Most gas turbine engine failures are “contained” which means that although the components might separate inside the engine, they either remain within the engine case or exit it via the tail pipe. This is a standard design feature of all turbine engines and generally means that the failure of a single engine on a multi engine aircraft will not present an immediate risk to the safety of the flight. Sizeable pieces of ejected debris may, though, present a hazard to persons on the ground.
However, an “uncontained” engine failure is likely to be a violent one, and can be much more serious because engine debris exits it at high speeds in other directions, posing potential danger to the pressurised aircraft structure, adjacent engines, the integrity of the flight control system and, possibly, directly to the aircraft occupants.

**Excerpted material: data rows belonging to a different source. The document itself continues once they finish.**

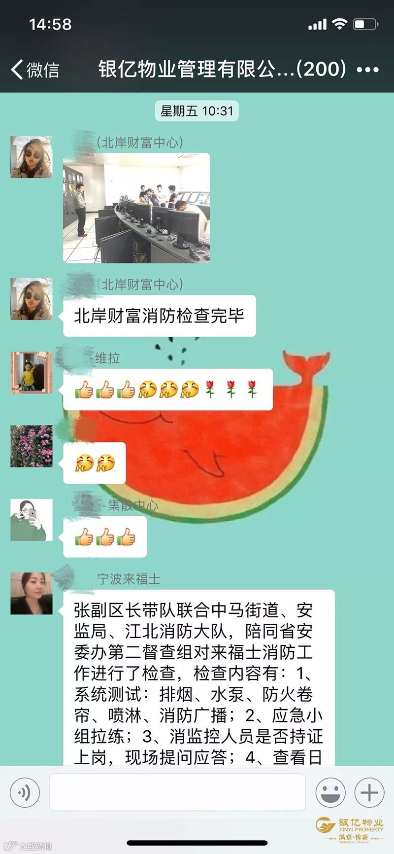 培训期间,鄞州区、江北区各项目适逢省消防大队检查。各项目积极应对,留守在项目的同事频频传来好消息,一一顺利通过消防检查。你安心培训学习,我沉着面对检查。银亿物业,众志成城,无论台前幕后,工作还是学习,都坚定信念,努力为业主们营造舒适的工作、生活环境。正是因为这股信念,把广大银亿人凝聚起来,在短短三天,同时圆满完成了两件大事。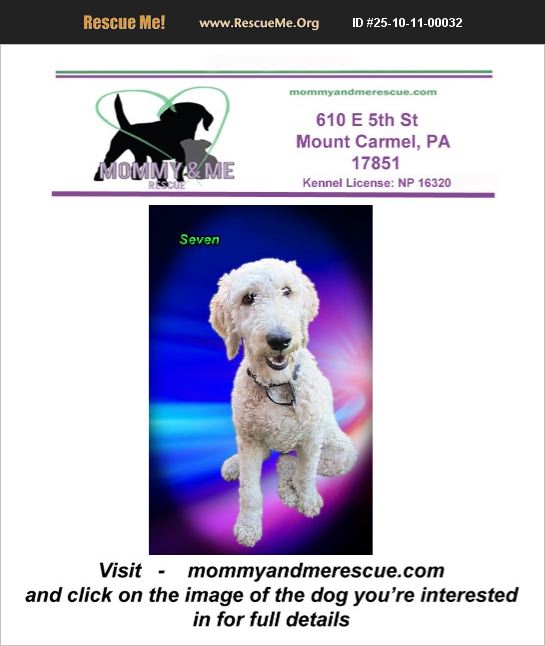 Please fill out an application here ) https://mommyandmerescue.com/adoption-application/ and give your vet clinic permission to speak with us. Spayed/Neutered, UTD on vaccines, Chipped Adoption fee 400 You must submit the application and be approved prior to meeting one of our dogs. Please add our EMAIL to your contacts! [email protected] Kennel License: NP 16320 Seven 7 months old Standard Poodle Seven came to us when her owner could no longer care for her. Seven is very people oriented and loves to be with her person/s. Seven is gentle, loving, attentive, and intelligent. She loves other dogs and would probably be fine with cats. She would do ok with kids that she can't accidentally knock over. Seven is crate-trained and house-trained. She would do best with a companion dog or someone who works from home . Seven was trained at FIDOS SCI Coal Township and knows the following commands: Stay Sit Down Come Off Go Potty Paw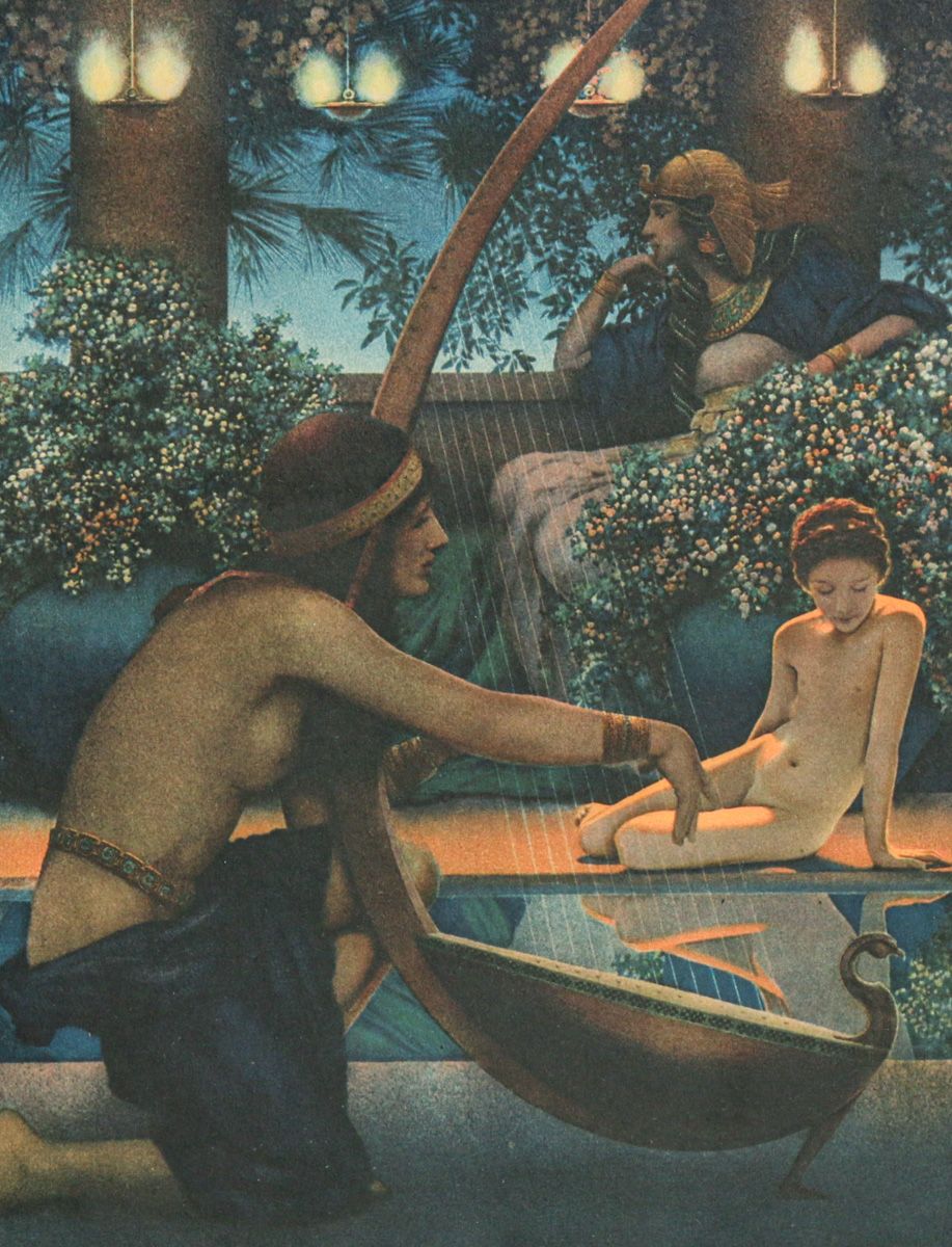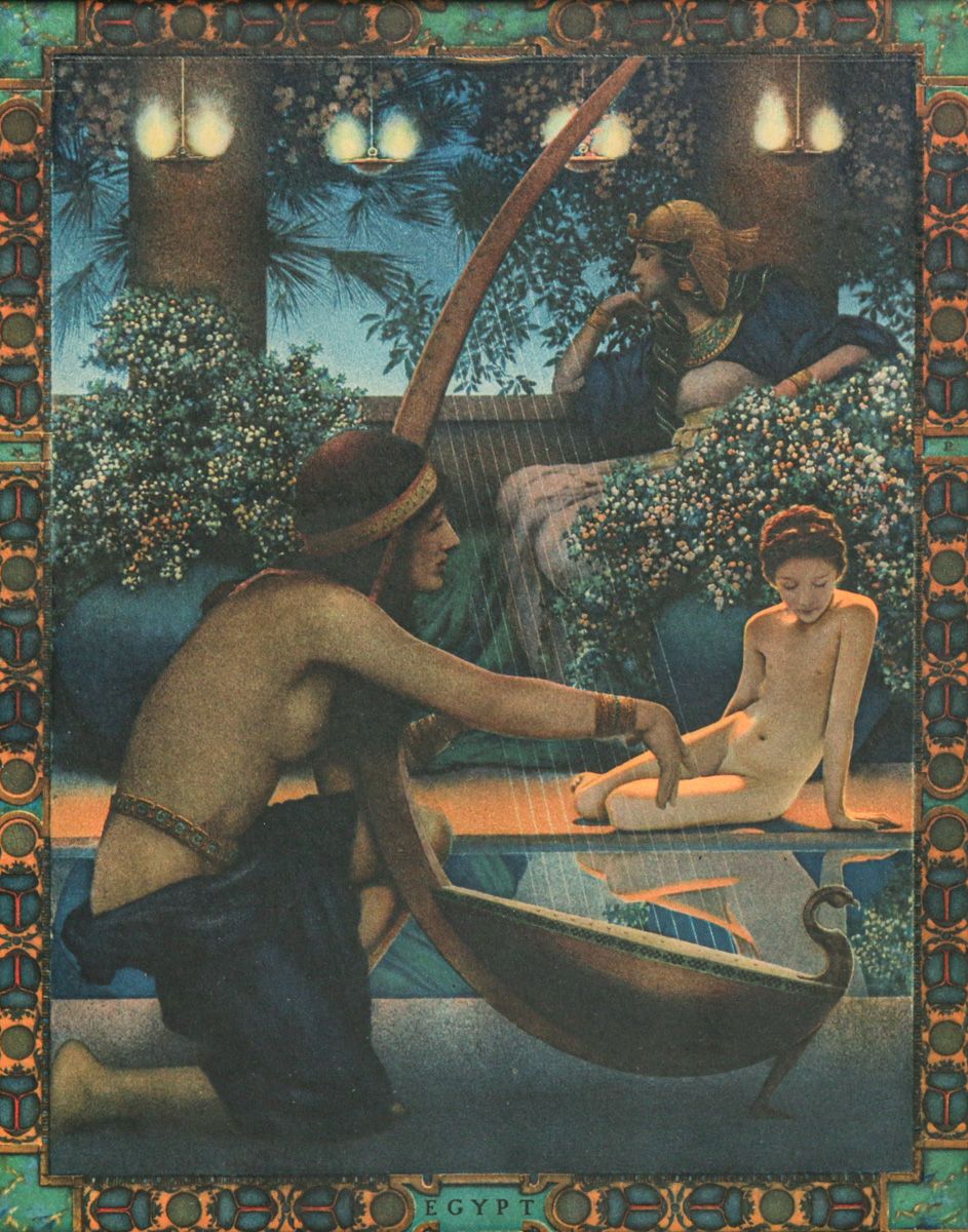 Maxfield Parrish (1870–1966) Art Deco Lithograph "Egypt" c1920s. Unsigned. Light scuff to original frame otherwise excellent condition. OD: 11"h x 9"w ID: 9"h x 7"w

Aircraft/engine design features to mitigate against the risks associated with uncontained engine failure include:
- Fan blade containment ring - to provide a measure of protection in the event of fan blade separation,
- Aircraft systems "routing segregation" - covering both rotor burst and rapid depressurisation scenarios,
- Fuel tank "dry bays" located in the most likely disk trajectories.
Design and Certification Requirements
Uncontained engine failures can affect both the fan and the turbine sections; certification requirements and tests as well as related engine and airframe designs account for both scenarios.
Certification requirements are "multi-layered" as they include the following 4 layers:
- Systems safety assessment (e.g. FAR 25.1309),
- Common cause analysis,
- Particular risks analysis (e.g. engine "rotor burst"),
- Zonal analysis (also involved in the uncontained engine failure assessment).
- CS-25 (Certification Specification Large Aeroplanes): The European equivalent of FAR-25.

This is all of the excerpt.